Our working group conducts preclinical and translational research in acute lymphoblastic leukemia (ALL) biology in different projects:
1) Enhancing antibody immunotherapy by small molecule drugs
Therapy approaches with combinations of chemotherapy and antibodies have improved survival of some patients with B-cell malignancies. However, patients with some diseases like the so called “double-hit-lymphomas” in adulthood or ALL patients harboring a t(17;19) translocation have a very poor prognosis. One cause for the inferior survival is the overexpression of proto-oncogenes likeBCL2 or MCL-1. A potential approach to improve therapy outcome is direct targeting of these proto-oncogenes by small molecule drugs. In our lab, we examine in vitro and in vivo combinations of small molecule drugs and antibodies for patient subgroups, in which therapy options are still limited. The perspective is to translate new targeted therapy strategies by combining small molecule drugs and antibodies into the clinical treatment of patients with B-cell neoplasms.
Leukemia cell (green) engulfed by human macrophages after treatment with the Bcl-2 inhibitor venetoclax and the CD20 antibody rituximab
2) Novel immunotherapy approaches in T-ALL
Application of antibodies has evolved as a powerful tool in the treatment of hematological malignancies like acute lymphoblastic leukemia (ALL). Unlike for B-cell precursor (BCP)-ALL, immunotherapeutic interventions in T-cell ALL (T-ALL) are practically non-existent. Moreover, due to increased chemoresistance, chemotherapy strategies at relapse are limited, making novel treatment options urgently needed. Within this project, we examine the potential of antibody-based immunotherapies for T-ALL in order to translate this knowledge into the clinic.
Immunotherapeutic co-targeting of CD47 and CD38 in T-ALL cells
3) Identifying novel mechanisms and targets in CNS leukemia
The infiltration of the central nervous system (CNS) is a major challenge in the therapy of ALL. Due to the high propensity of ALL cells to invade the CNS and low sensitivity of detection methods, ALL patients receive a potent prophylactic chemotherapy and some patients even CNS-radiation. However, if we had specific markers for the detection of ALL cells in the CNS at hand, we could limit intensified therapy only to those patients who would really benefit. To conclusively diagnose and specifically target CNS-ALL, we are working on the mechanisms that are important for CNS involvement in ALL. Our research will identify molecules and pathways that can be used to detect and target ALL cells in the CNS niche.
On their way into the CNS, All cells have to overcome different protective barriers (Figure from Lenk et al., Cancer Metastasis Reviews, 2020).
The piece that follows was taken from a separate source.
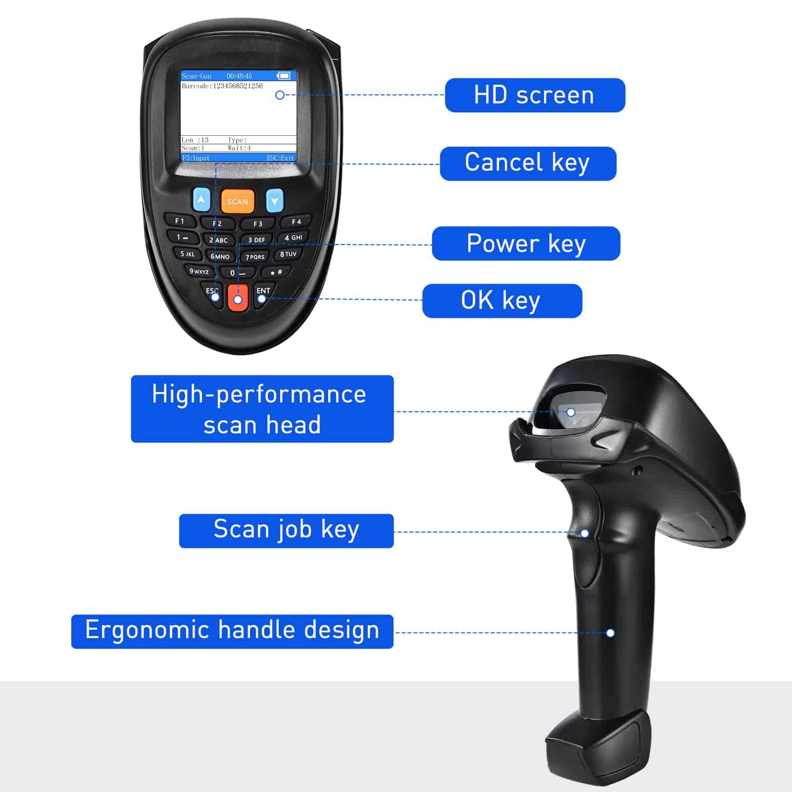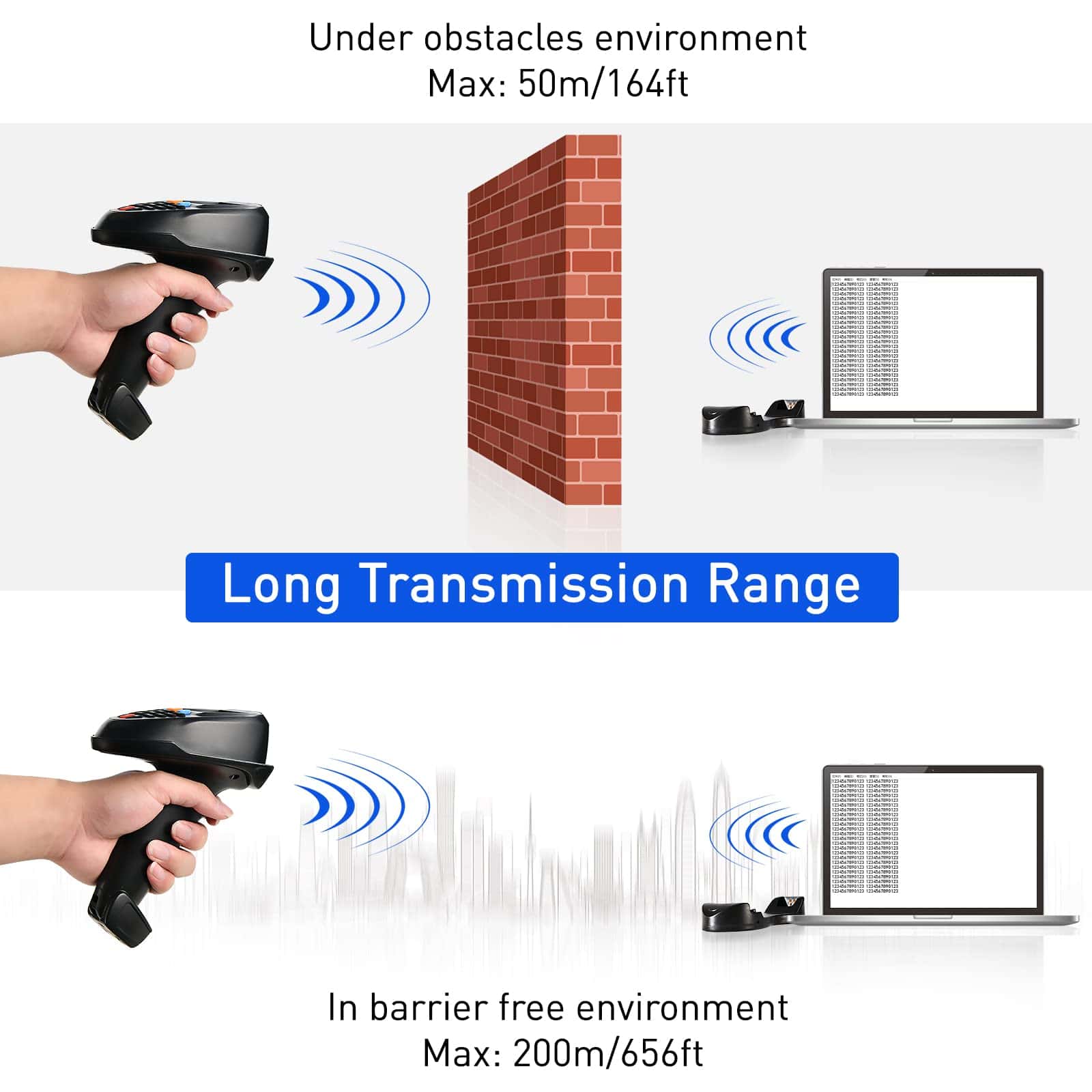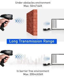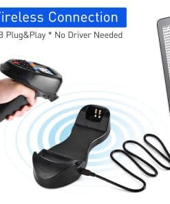 4. Batería de gran capacidad de 1400 mAh asegura 20 horas de escaneo continuo sin manos. Con una batería de 1400 mAh, puede funcionar durante 20 horas de escaneo continuo o escanear 100,000 veces. El plástico resistente asegura que el escáner pueda soportar caídas de hasta 5 pies / 1.5 m de altura. (Nota: Si le resulta difícil escanear códigos, contáctenos para resolverlo).

4) CNS targeting antibodies
Currently, CNS-involvement in ALL is mainly treated by aggressive chemotherapy, which is applied systemically or injected directly into the cerebrospinal fluid. A further alternative is radiation therapy. Both kinds of therapy can harm CNS development or even promote secondary tumors, which needs to be prevented, particularly in children. Antibody-based therapies allow efficient killing of ALL cells and tolerable toxicity. Yet, they do not reach the CNS because of its natural protection by the blood brain barrier. In collaboration with the groups of Christian Kellner (Munich) and Matthias Peipp (Kiel), we are attempting to engineer antibodies carrying shuttling-proteins that help antibodies to cross barriers and eradicate ALL cells hiding in protected niches. Generation of more efficient immunotherapy concepts for patients with extramedullary ALL will help solving this important problem.
Antibodies are usually not able to penetrate into the CNS. By modifying the structure of an antibody, we can promote its shuttling across the CNS barrier.
5) Preleukemic niches in ALL
ALL cells leaving the bone marrow or the blood circulation in order to infiltrate other organs like the CNS or the testes encounter a hostile environment. In order to survive, the cells have to adapt. When solid tumors, e.g. prostate or breast cancer form metastasis, they send out messenger molecules, causing changes in the composition of the distant organ. These changes occur prior to metastasis formation and are termed “pre-metastatic niche”. In our lab we are investigating corresponding processes in ALL. Understanding the formation of a “pre-leukemic” niche helps us to identify methods and biomarkers for early detection and prevention of organ infiltration in ALL, e. g. to the CNS. Identifying basic biological mechanisms for leukemia invasion into the CNS will help to derive novel therapeutic strategies.
Solid tumors can form a pre-metastatic niche that helps arriving tumor cells to invade and survive in other organs. Similar processes may play a role in ALL and help ALL cells to invade hostile niches.